__TASK BRIEF__
With the images removed, transcribe the listing that follows exactly.

__DATA FOR THIS TASK__

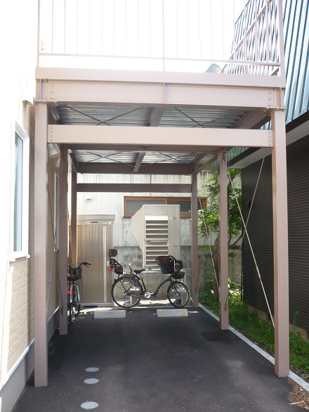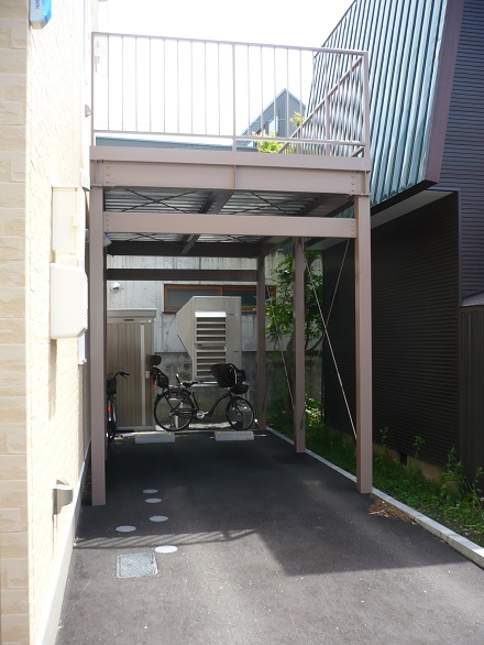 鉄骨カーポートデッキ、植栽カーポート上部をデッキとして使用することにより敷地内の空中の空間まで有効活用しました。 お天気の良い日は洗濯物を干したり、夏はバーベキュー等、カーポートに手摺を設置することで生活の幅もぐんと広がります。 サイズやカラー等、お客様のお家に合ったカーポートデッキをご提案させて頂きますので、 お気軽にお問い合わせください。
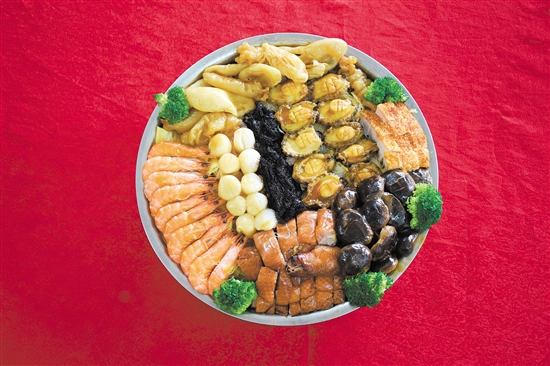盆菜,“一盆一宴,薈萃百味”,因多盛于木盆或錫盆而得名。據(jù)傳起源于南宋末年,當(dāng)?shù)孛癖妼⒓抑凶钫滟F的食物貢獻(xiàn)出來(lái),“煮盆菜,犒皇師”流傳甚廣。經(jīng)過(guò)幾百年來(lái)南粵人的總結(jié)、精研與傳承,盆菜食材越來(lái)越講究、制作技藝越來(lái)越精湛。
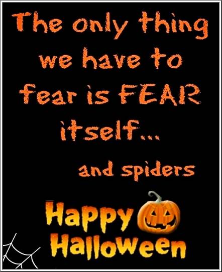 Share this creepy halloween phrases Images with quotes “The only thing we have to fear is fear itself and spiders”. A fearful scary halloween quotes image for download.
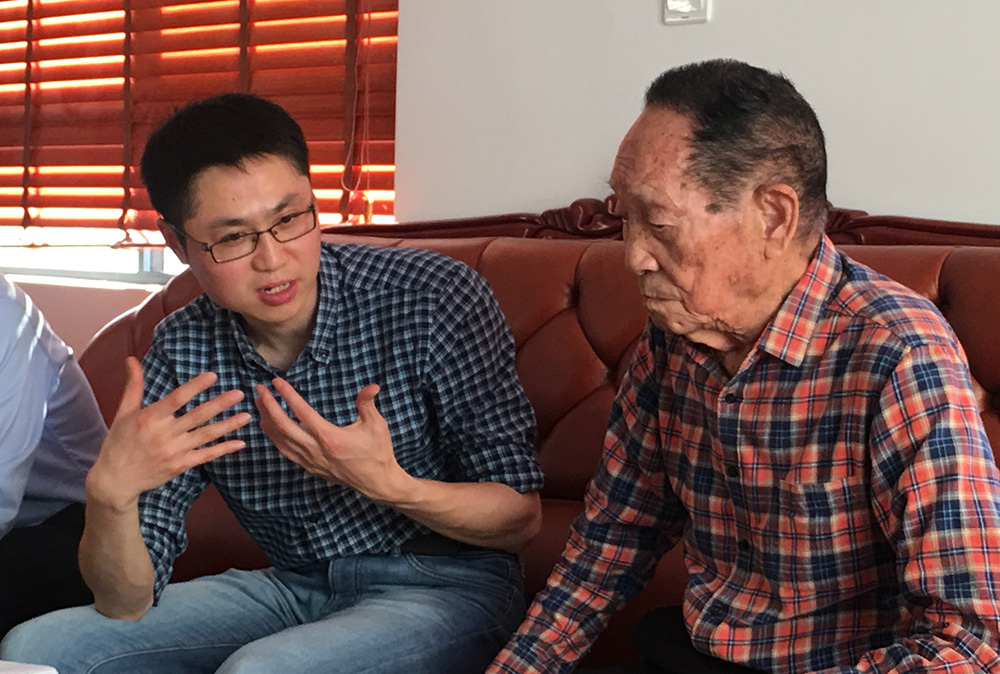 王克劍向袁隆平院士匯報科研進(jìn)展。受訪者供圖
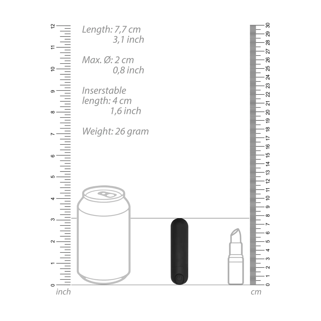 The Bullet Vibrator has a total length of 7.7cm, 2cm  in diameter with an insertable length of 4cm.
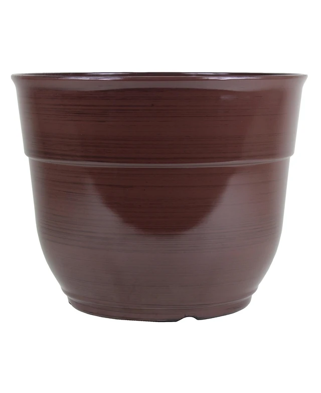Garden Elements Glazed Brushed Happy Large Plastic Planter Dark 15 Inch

__ANSWER FOR THE TASK__
 鉄骨カーポートデッキ、植栽カーポート上部をデッキとして使用することにより敷地内の空中の空間まで有効活用しました。 お天気の良い日は洗濯物を干したり、夏はバーベキュー等、カーポートに手摺を設置することで生活の幅もぐんと広がります。 サイズやカラー等、お客様のお家に合ったカーポートデッキをご提案させて頂きますので、 お気軽にお問い合わせください。
盆菜,“一盆一宴,薈萃百味”,因多盛于木盆或錫盆而得名。據(jù)傳起源于南宋末年,當(dāng)?shù)孛癖妼⒓抑凶钫滟F的食物貢獻(xiàn)出來(lái),“煮盆菜,犒皇師”流傳甚廣。經(jīng)過(guò)幾百年來(lái)南粵人的總結(jié)、精研與傳承,盆菜食材越來(lái)越講究、制作技藝越來(lái)越精湛。
 Share this creepy halloween phrases Images with quotes “The only thing we have to fear is fear itself and spiders”. A fearful scary halloween quotes image for download.
 王克劍向袁隆平院士匯報科研進(jìn)展。受訪者供圖
 The Bullet Vibrator has a total length of 7.7cm, 2cm  in diameter with an insertable length of 4cm.
Garden Elements Glazed Brushed Happy Large Plastic Planter Dark 15 Inch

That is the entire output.